Soft Agar Colony Forming Assay

Anchorage‐independent colony formation was assayed in six‐well tissue culture plates containing 0.4% agarose medium over a 0.8% agar base layer. MSCs, both with and without IFNγ–priming, as well as the ES‐2 carcinoma cell line, were seeded at 20,000 cells per well and incubated at 37°C. Twice weekly, 0.5 ml complete media was added to each well. After 14 days, colonies were stained with 0.01% Crystal Violet for 1 hour.

Gene Expression

Following assessment of the quality of total RNA using Agilent 2100 bioanalyzer and RNA Nano Chip kit (Agilent Technologies, Santa Clara, CA, http://www.agilent.com), RNA was DNAse treated and 2.5 µg was subjected to rRNA with Ribo‐ZeroTM rRNA removal kit for human/mouse/rat (Illumina).
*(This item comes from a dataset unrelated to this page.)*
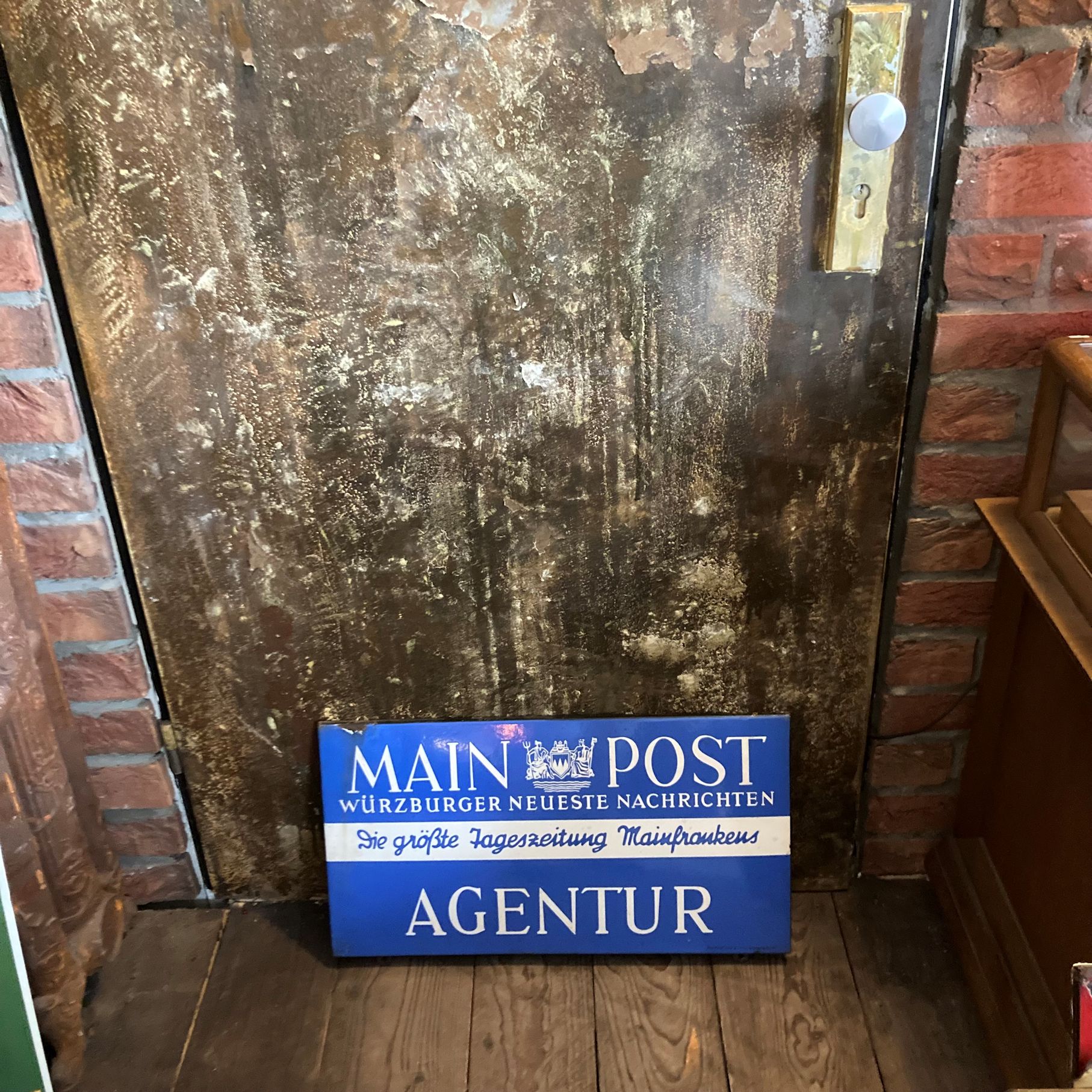 Werbeschild MAIN POST, Würzburger Neueste Nachtrichen , 1950er, das Schild weist altersgemäße sichtbare Gebrauchsspuren auf

To generate directional signal in RNA seq data, libraries were constructed from first strand cDNA using ScriptSeqTM v2 RNA‐Seq library preparation kit (Epicentre Biotechnologies, WI, http://www.epibio.com). Briefly, 50 ng of rRNA‐depleted RNA was fragmented and reverse transcribed using random primers containing a 5′ tagging sequence, followed by 3′ end tagging with a terminal‐tagging oligo to yield di‐tagged, single‐stranded cDNA. Following purification by a magnetic‐bead based approach, the di‐tagged cDNA was amplified by limit‐cycle PCR using primer pairs that anneal to tagging sequences and add adaptor sequences required for sequencing cluster generation. Amplified RNA‐seq libraries were purified using AMPure XP System (Beckman Coulter, Brea, CA, http://www.beckman.com). Quality of libraries were determined via Agilent 2200 Tapestation using High Sensitivity D1000 screen tape, and quantified by Qubit flourometer with dsDNA BR assay (Invitrogen by Thermo Fisher Scientific). Paired‐end 150 bp sequence reads were generated using the Illumina HiSeq 4000 platform.

Bioinformatic Analysis

A median of 65 million paired‐end 150 bp RNA‐Seq reads were generated for each sample (range, 57 to 72 million). Each sample was aligned to the GRCh38.p6 assembly of the Homo Sapiens reference from NCBI (http://www.ncbi.nlm.nih.gov/ assembly/GCF_000001405.31/) using version 2.5.0c of the RNA‐Seq aligner STAR (http://bioinformatics.oxfordjournals.org/content/early/2012/10/25/bioinformatics.bts635). Transcript features were identified from the GFF file provided with the GRCh38.p5 assembly from NCBI and raw coverage counts were calculated using HTSeq (http://www-huber.embl.de/users/anders/HTSeq/doc/count.html). The raw RNA‐Seq gene expression data was normalized and post‐alignment statistical analyses performed using DESeq2 12 (http://genomebiology.com/2014/15/12/550) and custom analysis scripts written in R. Comparisons of gene expression and associated statistical analysis were made between different conditions of interest using the normalized read counts. All fold change values are expressed as test condition/control condition, where values less than one are denoted as the negative of its inverse (note that there will be no fold change values between −1 and 1, and that the fold changes of “1” and “−1” represent the same value). Transcripts were considered significantly differentially expressed using a 10% false discovery rate (DESeq2 adjusted p value ≤ .1) and a fold‐change cut‐off of 2 between the control and test samples.

Flow Cytometry

Flow cytometry analysis was performed on an LSR II (BD Biosciences, San Jose, CA, http://www.bdbiosciences.com) cytometer using the following antibodies: anti‐mouse CD45‐APC, Sca1‐PerCP/Cy5.5, CD150‐PE (eBioscience/Thermo Fisher Scientific), Ter119‐APC, lineage cocktail‐Pacific Blue, c‐Kit‐APC; anti‐human HLA‐DR‐PE, HLA‐ABC‐APC, PD‐L1‐PE, PD‐L2‐APC, B7‐H2‐PE, B7‐H3‐APC, CD80‐PE/Cy5, CD86‐PE/Cy7, CD40‐AlexaFluor647 (Biolegend, San Diego, CA, http://www.biolegend.com). Data were analyzed using FlowJo version 7.6.5 (Tree Star, Inc., Ashland, OR, http://www.scientificcomputing.com).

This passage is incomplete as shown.